The issue seems to be a result of having mesh nodes in the network. Those nodes sends zero length frames it seems. So I think there’s nothing that can be done at the AP end.

The TX error on wlan1 is got to be from the only device i have connected on the 2.4Ghz Wifi, which's a Yamaha Receiver. All other devices are connected to 5Ghz Wifi.

I don't have any mesh networking going on... Just an extender that I use as a bridge, so I have ethernet clients behind it. It doesn't actually extends the Wifi, that function is turned off.

I can reproduce this wifi crash issue. It happens exactly on my R7800. The version I am using is OpenWrt 21.02-SNAPSHOT r16474+17-97b95ef8b9 named with R7800-20220127-Stable2012NSS-factory.

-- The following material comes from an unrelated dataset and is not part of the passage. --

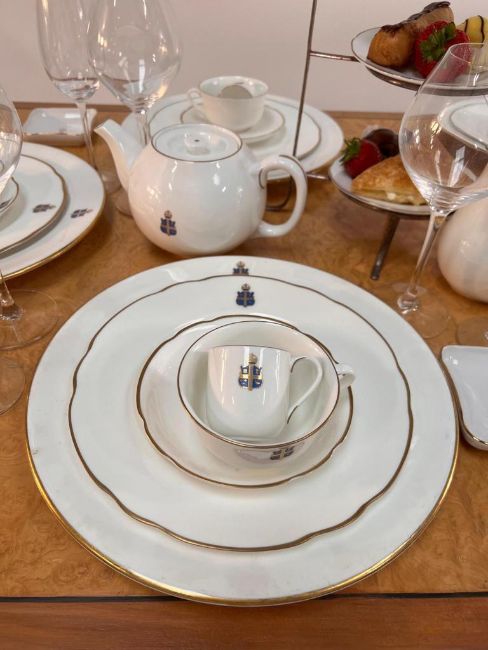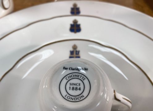 Set of Crested Crockery for Claridge's by Chommette 1884to include:4 x 31.5cm plates4 x 25cm plates4 x 18cm plates4 x tea saucers4 x coffee saucers4 x soup dishes4 x tea cups4 x espresso cups4 x espresso saucers1 x large milk jug1 x tea pot1 x butter dish1 x double handed sauce potAll crockery is unused and images are for illustration purposes and not the exact items in the lot.

Hope the information helps. The log is the same.

To be sure, is that build you’re referring to running with the ath10k-ct driver or the plain ath10k driver?

It is ath10k-ct driver.

to reproduce how?

Flash the firmware from https://github.com/ACwifidude/openwrt/tree/openwrt-21.02-nss-qsdk11.0/bin/targets/ipq806x/generic on R7800. Set Country to the US, channel to 100 on 5GHz. And just wait until wifi drops.

Okay, since this happend on the NSS build, I'll post it here, running performance governor, @quarky @ansuel ?

[26287.383125] rcu: INFO: rcu_sched self-detected stall on CPU
[26287.383157] rcu:     0-...!: (2100 ticks this GP) idle=9ce/1/0x40000002 softirq=755651/755651 fqs=0 
[26287.387503]  (t=2100 jiffies g=1291965 q=2)
[26287.396524] rcu: rcu_sched kthread starved for 2100 jiffies! g1291965 f0x0 RCU_GP_WAIT_FQS(5) ->state=0x402 ->cpu=0
[26287.400523] rcu:     Unless rcu_sched kthread gets sufficient CPU time, OOM is now expected behavior.
[26287.410938] rcu: RCU grace-period kthread stack dump:
[26287.419960] task:rcu_sched       state:I stack:    0 pid:   11 ppid:     2 flags:0x00000000
[26287.425101] [<c09c6864>] (__schedule) from [<c09c6bfc>] (schedule+0x68/0x110)
[26287.433252] [<c09c6bfc>] (schedule) from [<c09ca7cc>] (schedule_timeout+0x74/0xd8)
[26287.440548] [<c09ca7cc>] (schedule_timeout) from [<c038576c>] (rcu_gp_kthread+0x544/0xd18)
[26287.448011] [<c038576c>] (rcu_gp_kthread) from [<c033e3d8>] (kthread+0x15c/0x160)
[26287.456252] [<c033e3d8>] (kthread) from [<c0300148>] (ret_from_fork+0x14/0x2c)
[26287.463801] Exception stack(0xc1469fb0 to 0xc1469ff8)
[26287.470921] 9fa0:                                     00000000 00000000 00000000 00000000
[26287.476050] 9fc0: 00000000 00000000 00000000 00000000 00000000 00000000 00000000 00000000
[26287.484208] 9fe0: 00000000 00000000 00000000 00000000 00000013 00000000
[26287.492366] NMI backtrace for cpu 0
[26287.498780] CPU: 0 PID: 8046 Comm: kworker/u4:3 Not tainted 5.10.100 #0
[26287.502254] Hardware name: Generic DT based system
[26287.508973] Workqueue: ecm_nss_ipv4_workqueue ecm_nss_ipv4_stats_sync_req_work [ecm]
[26287.513722] [<c030e32c>] (unwind_backtrace) from [<c030a1ac>] (show_stack+0x14/0x20)
[26287.521620] [<c030a1ac>] (show_stack) from [<c062f3e8>] (dump_stack+0x94/0xa8)
[26287.529343] [<c062f3e8>] (dump_stack) from [<c0637990>] (nmi_cpu_backtrace+0xdc/0x108)
[26287.536374] [<c0637990>] (nmi_cpu_backtrace) from [<c0637adc>] (nmi_trigger_cpumask_backtrace+0x120/0x158)
[26287.544277] [<c0637adc>] (nmi_trigger_cpumask_backtrace) from [<c0381334>] (rcu_dump_cpu_stacks+0xe8/0x118)
[26287.553913] [<c0381334>] (rcu_dump_cpu_stacks) from [<c0386dc8>] (rcu_sched_clock_irq+0x728/0x8f8)
[26287.563550] [<c0386dc8>] (rcu_sched_clock_irq) from [<c038dec4>] (update_process_times+0x64/0x90)
[26287.572583] [<c038dec4>] (update_process_times) from [<c03a0824>] (tick_sched_timer+0x88/0x130)
[26287.581516] [<c03a0824>] (tick_sched_timer) from [<c038e4c8>] (__hrtimer_run_queues+0x184/0x254)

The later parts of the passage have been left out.